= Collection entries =
☆ ☆ ☆ ☆ ☆

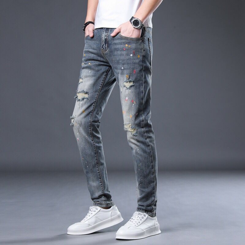 蓝色修身印花男士小脚牛仔裤
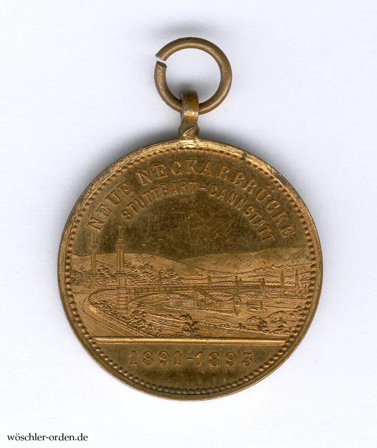 Königreich Württemberg, tragbare Medaille auf die Einweihung der neuen Neckarbrücke in Stuttgart-(Bad) Cannstatt, von 1893.
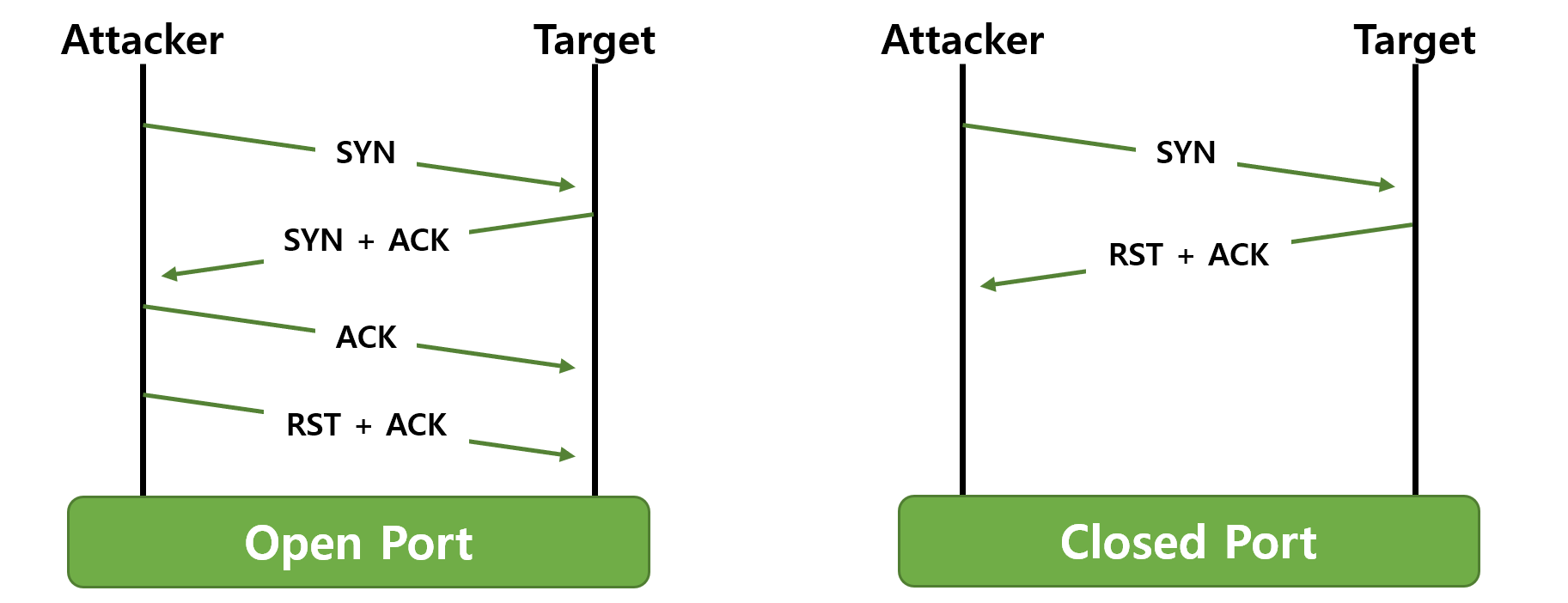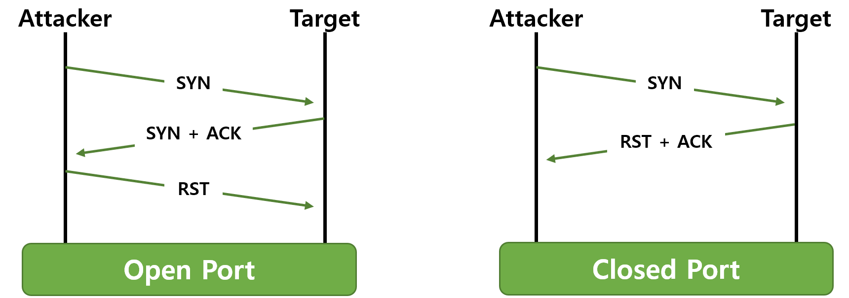 : TCP 세션이 완전히 성립되지 않은 상태에서 대상 시스템의 포트 활성화 여부를 스캔하는 방식
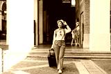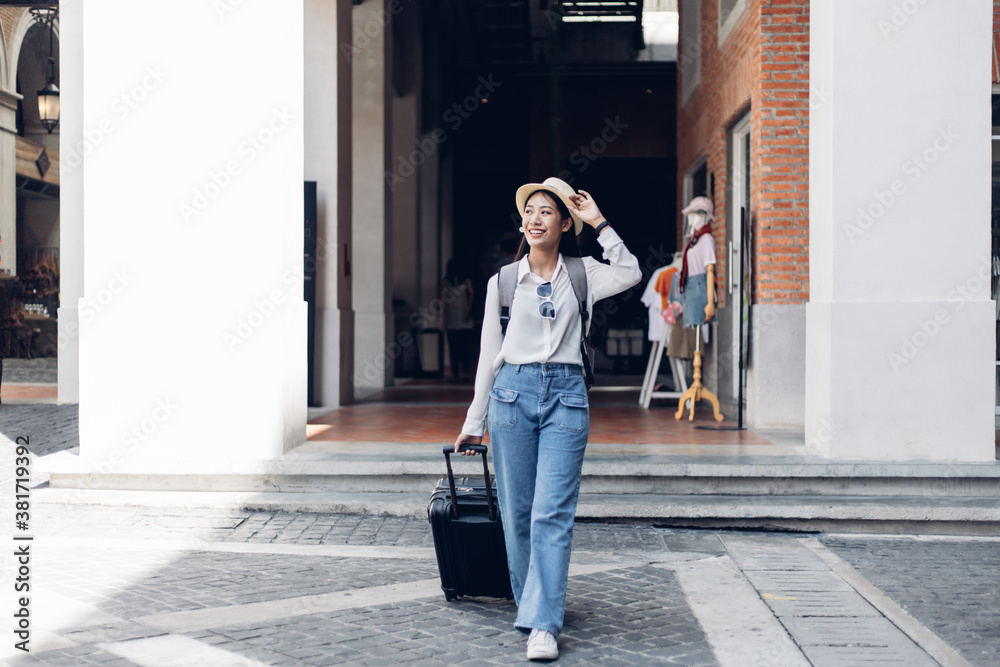 Asian woman beaming carrying a suitcase black to travel on vacation, Trolley bag, Long weekend travel, Love the trip, Tourism festival concept.
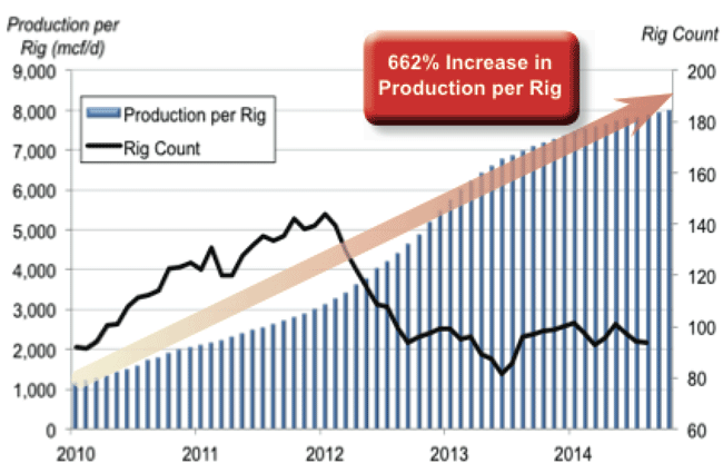 Marcellus Shale Natural Gas Production per Rig and Rig Count Since 2010
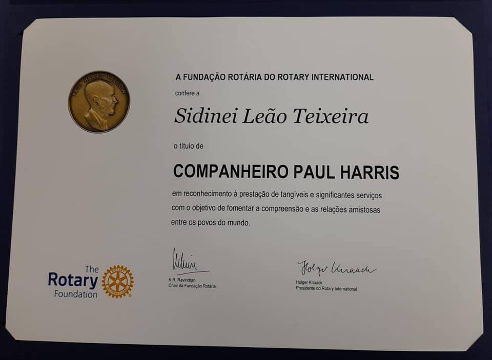 O Rotary Clube de Caçapava do Sul Sentinela Confere ao companheito Sidinei Leão Teixeira "Já em memoria", o Titulo de companheiro PAUL HARRIS.

☆ ☆ ☆ ☆ ☆

= What you have to do =
Pictures don't belong in the copy. Transcribe every record exactly as it appears.

= Task output =
 蓝色修身印花男士小脚牛仔裤
 Königreich Württemberg, tragbare Medaille auf die Einweihung der neuen Neckarbrücke in Stuttgart-(Bad) Cannstatt, von 1893.
 : TCP 세션이 완전히 성립되지 않은 상태에서 대상 시스템의 포트 활성화 여부를 스캔하는 방식
 Asian woman beaming carrying a suitcase black to travel on vacation, Trolley bag, Long weekend travel, Love the trip, Tourism festival concept.
 Marcellus Shale Natural Gas Production per Rig and Rig Count Since 2010
 O Rotary Clube de Caçapava do Sul Sentinela Confere ao companheito Sidinei Leão Teixeira "Já em memoria", o Titulo de companheiro PAUL HARRIS.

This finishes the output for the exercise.